It’s been exactly 6 hours since I got out of the salon after my first facial. I can still feel my pores screaming for help.

I swear! I was thinking up the lines of this post when the beautician was kneading away at my face. I may or may not be able to iterate my exact feelings in this post because my face has PTSD. Before the PTSD warriors come baring their teeth at me, please hear me out. 🙏

Disclaimer: This post has potentially disturbing content that could turn you against facials (especially if you are first timers). Read at your own risk. Not you, PTSD warrior, you gotta read this anyway.

I walked into the salon with zero clue on what I was about to consent to doing to my face. I wanted a facial; how bad could it be, right? WRONG.

The person at the reception brought me a huge menu of facials — everything from unicorn dust to elephant poop — you name it, they have it! And because you have no idea what you should go for your skin-type and face-type, you’d you just gape wide-eyed at this document, which is a cross between a boutique hotel’s bar menu and a jewelry store’s online catalog that went too far.

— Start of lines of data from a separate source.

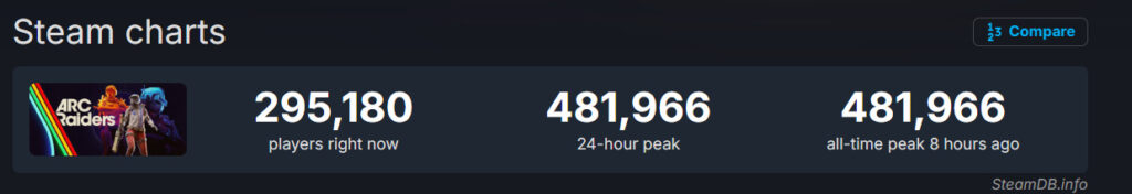 Dựa theo thông số đến từ SteamDB, tựa game “extraction shooter” của Embark Studios vừa qua đã đạt được kỷ lục người chơi cùng lúc mới ở mức 481.966 người chơi. Đặc biệt, đây cũng chính là lần thứ 2 tựa game đạt kỷ lục người chơi mới chỉ trong vòng 1 tuần.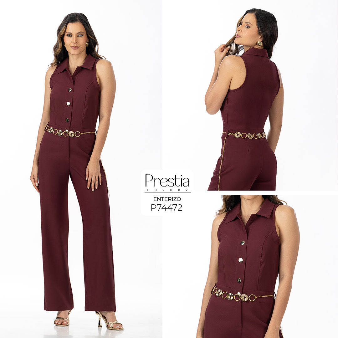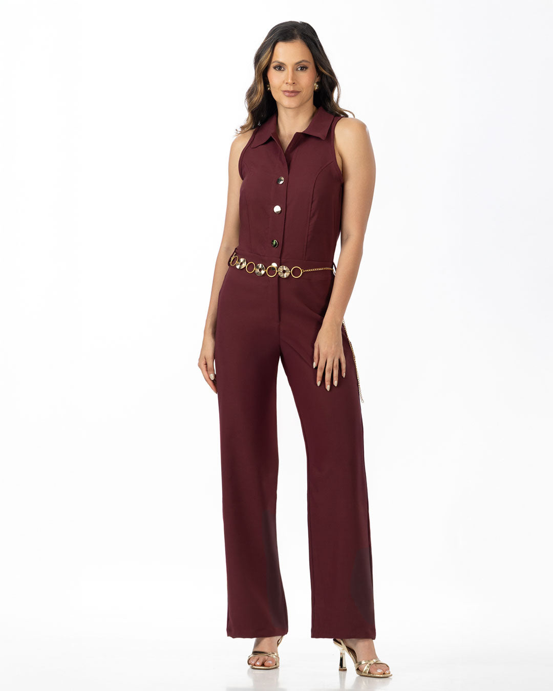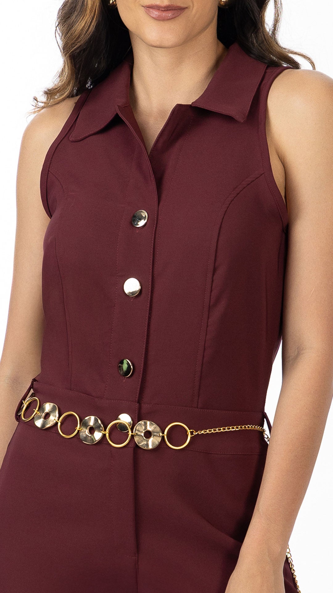Incluye cinturón tipo cadena dorada, un detalle llamativo que define la cintura y agrega glamour al conjunto.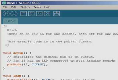 Gambar 3 adalah contoh tampilan IDE Arduino dengan sebuah sketch yang sedang diedit.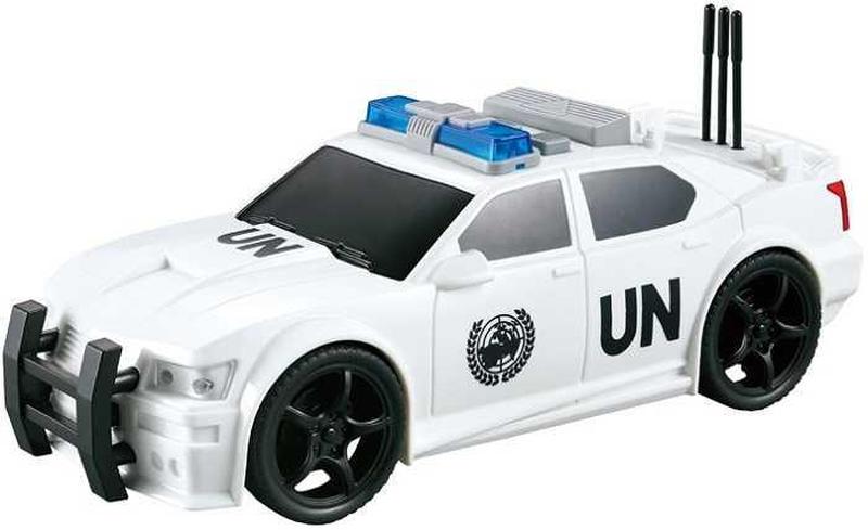 Инерционная машина United Nation непременно понравится любому мальчику. Машинка окрашена в белый цвет с цветографическими схемами и надписями на капоте и дверцах. В машинке верху установлена мигалка и 3 кнопки. На крыше машины дополнительно установлена кнопка для открывания багажника. Игрушка имеет световые и звуковые эффекты. Машинка займет достойное место в гараже маленького автолюбителя. Размер машинки: 19 * 9 * 8 см. Размер коробки: 24 * 11 * 16 см.

Anyhoo, the person at the reception insists I should go for the most expensive one because it’s my first time but the ingredients and the routine of the facial is as long as an eighth-grade child’s essay, so I pass.

I instead (carefully) choose the intermediate pack — not too basic, not too hi-fly and this feels like a win. Kiwi-Cherry Healthy Shine Glow-Berry Go Fuck A Yam Pack.

Satisfied, but somewhat nervous (because the person at the reception had a creepy smile plastered on her face), I allowed myself to be led into a room at the corner of the salon. I managed to not slip on the chunks of hair that carpeted the floor.

There was a brown bed-on-wheels; the ominous-looking ones that you lay on in a doctor’s room when you’ve gone for a check-up. The room was well lit. There was a weird-looking machine, about 5'5 foot-tall that looked like it’d spit something in your face. There was a movable rack on the other side of the room. A small sink snuggled in the corner.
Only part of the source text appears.